Data
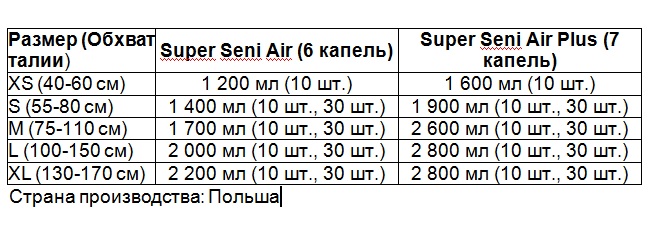 La société polonaise SENI propose 5 tailles principales pour adultes :
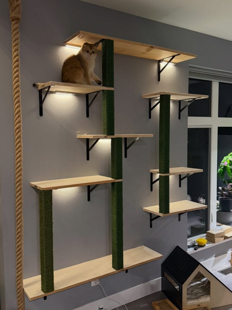 Space your shelves in a staggered staircase pattern rather than straight rows — cats need that diagonal path to actually climb, not just jump shelf to shelf. If you want more outdoor-inspired builds like this, 7 Secure DIY Cat Enclosure Ideas for Outdoors has some solid inspiration for taking the whole concept outside.
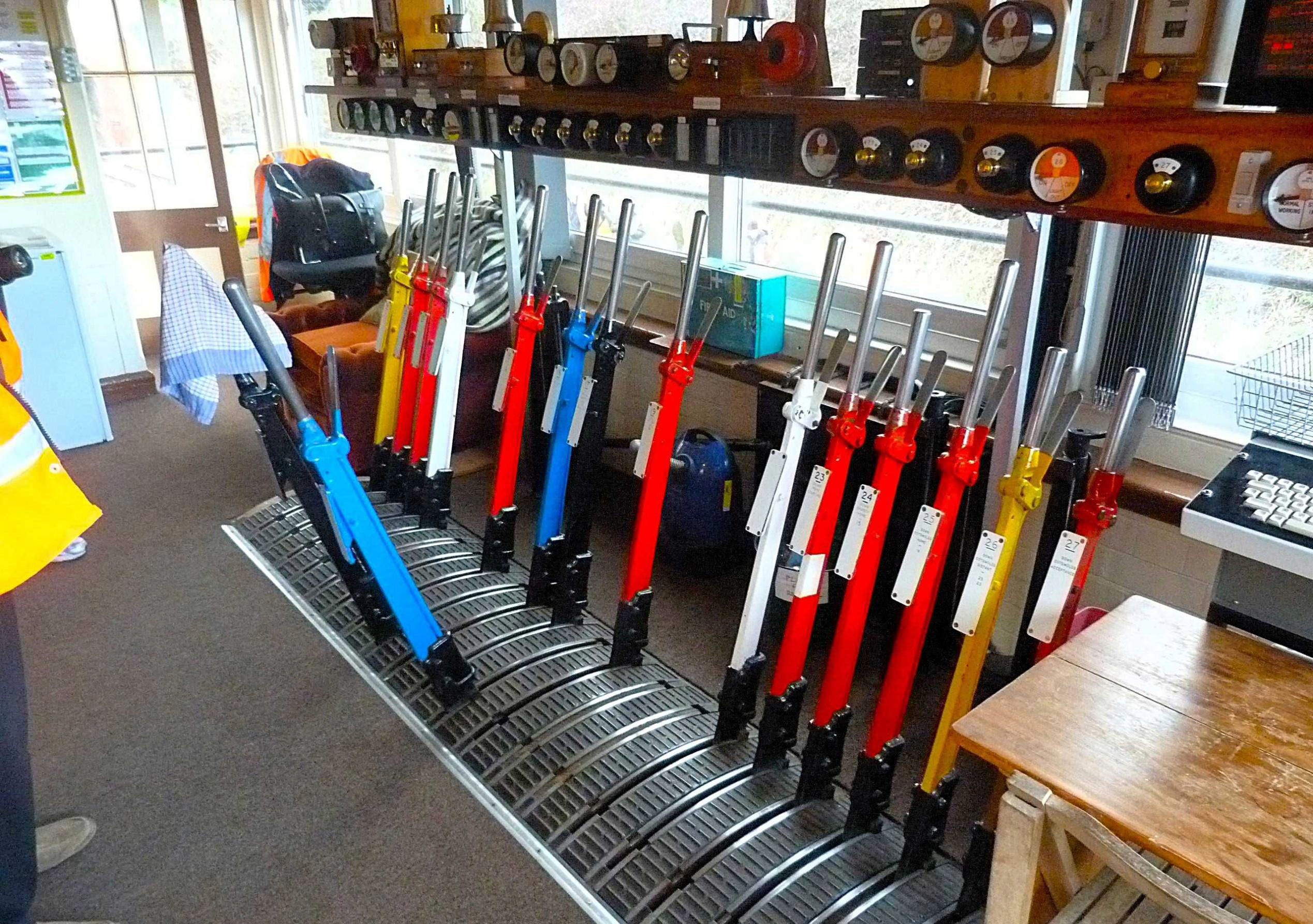 The 27-lever frame has 16 operational levers, plus 2 white (spare) levers. Interestingly, lever sections 1-7 and 27-33 have been completely removed from the GWR 3-bar horizontal tappet frame (5¼" lever spacing), suggesting that these changes were carried out many years ago by GWR locking fitters. The box fringes with Evesham box on the North Cotswolds line, Birmingham Rail Operating Centre (BROC) - Bromsgrove Workstation on the Gloucester line and Worcester Shrub Hill. There is a combined Westinghouse train describer system used for communication with Evesham and BROC, under track circuit block, with absolute block being worked to Shrub Hill via a British Railways 1947 Tyers instrument.

Task statement
Reproduce only the lines from the beginning of the data through the line that contains "Space your shelves", both included, and please drop the pictures.

Exercise solution
 La société polonaise SENI propose 5 tailles principales pour adultes :
 Space your shelves in a staggered staircase pattern rather than straight rows — cats need that diagonal path to actually climb, not just jump shelf to shelf. If you want more outdoor-inspired builds like this, 7 Secure DIY Cat Enclosure Ideas for Outdoors has some solid inspiration for taking the whole concept outside.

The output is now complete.